Digitization of the music industry has been a double edged sword. While there is more music available with unlimited streaming at the touch of your iPhone, music has also become a cheap commodity. The experience of discovery, acquiring and listening to your music is now so easy and commonplace that its value has been diminished.
The LP “experience” was a significant part of my formative years. Leafing through albums in the record store, marveling at the cover art, shelling out my hard earned cash, unwrapping, carefully handling the disk, setting the needle down on the spinning turntable is an experience that is totally lost in the digital age.
Listening to records was also a social experience. Untold hours were spent with friends taking in the music, passing around the album covers, reading the lyrics and liner notes, sharing our recently purchased LP’s, discovering new music together. Admittedly we were often stoned as we enjoyed the music and each other’s company. We listened to the music intently. It was not background sound or dance music. We listened to the lyric, musicianship, compositions and arrangements.

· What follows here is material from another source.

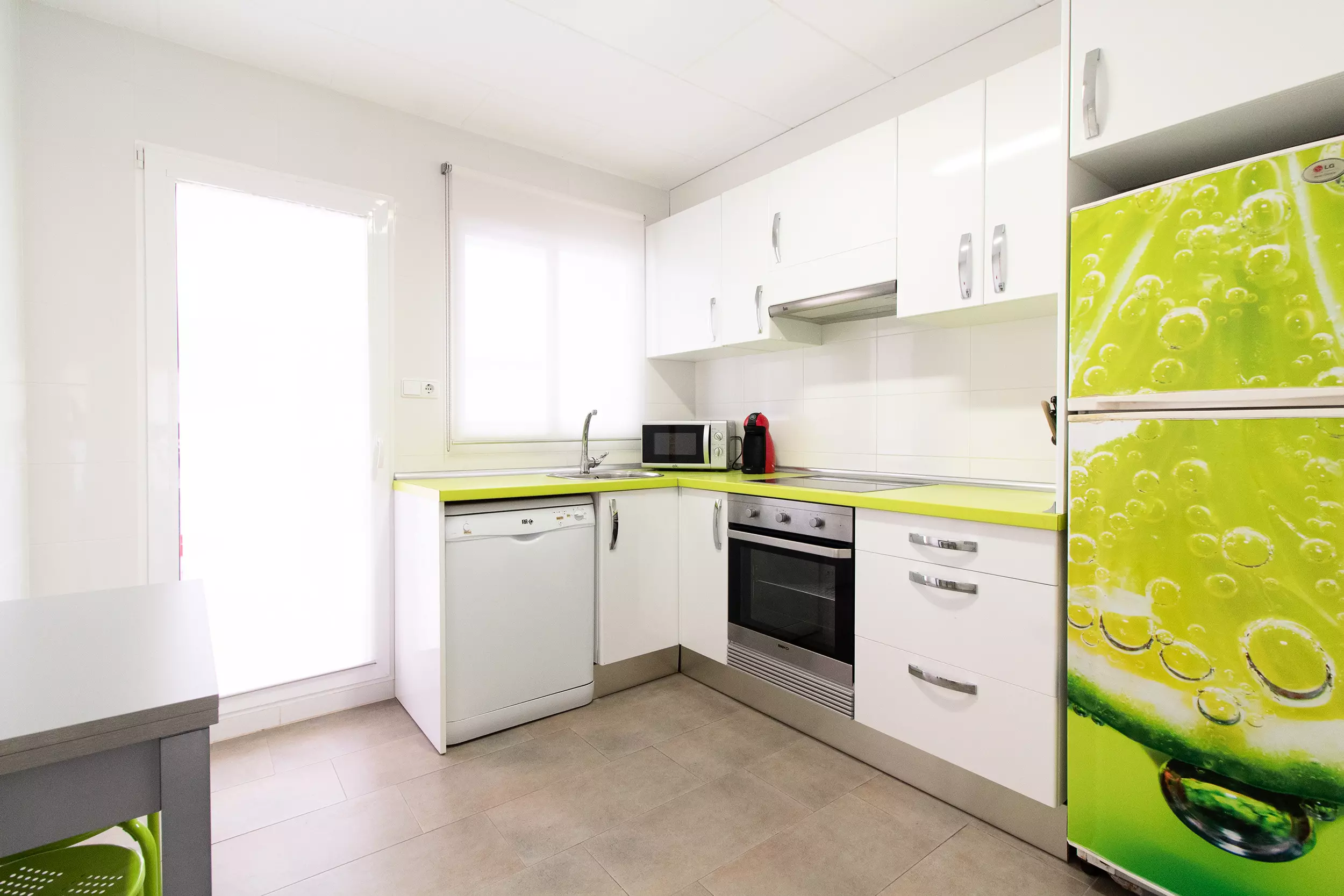 La cuisine indépendante, à vitrocéramique, est équipée avec réfrigérateur, micro-ondes, four, congélateur, lave-vaisselle, vaisselle/couverts, ustensiles/cuisine et cafetière.

Cover art by Mati Klarwein (click to enlarge) |
Besides the obvious differences in packaging, handling and playing of records versus digital, there is something wonderful in the format itself. Records have a physical “limitation” of having two sides of about 20 minutes of music, 40 minutes in total. This is a perfect amount of time to stay immersed in the music. It requires you to get up and turn the disk after 20 minutes, keeping you engaged. Artists used this time-frame to sequence their songs into a cohesive story. I find that this format lends itself to listening to an entire album from the first track on Side One till the last one on Side Two. Not so with CD’s, which are nearly 1 1/2 hour in length, or streaming digital where single tracks and shuffle modes are more common.

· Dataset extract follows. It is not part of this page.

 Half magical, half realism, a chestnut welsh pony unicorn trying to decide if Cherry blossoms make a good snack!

I've only listened to a dozen or so albums in the last couple of days, but I look forward to getting to know my old records once again. And, due to the resurgence of vinyl, there are record shops here in Connecticut like The Telegraph in New London, or Integrity in Music (Wethersfield) where I can get lost flipping through isles of record bins and filling in the holes in my collection of classic Jazz releases, and maybe some new vinyl too!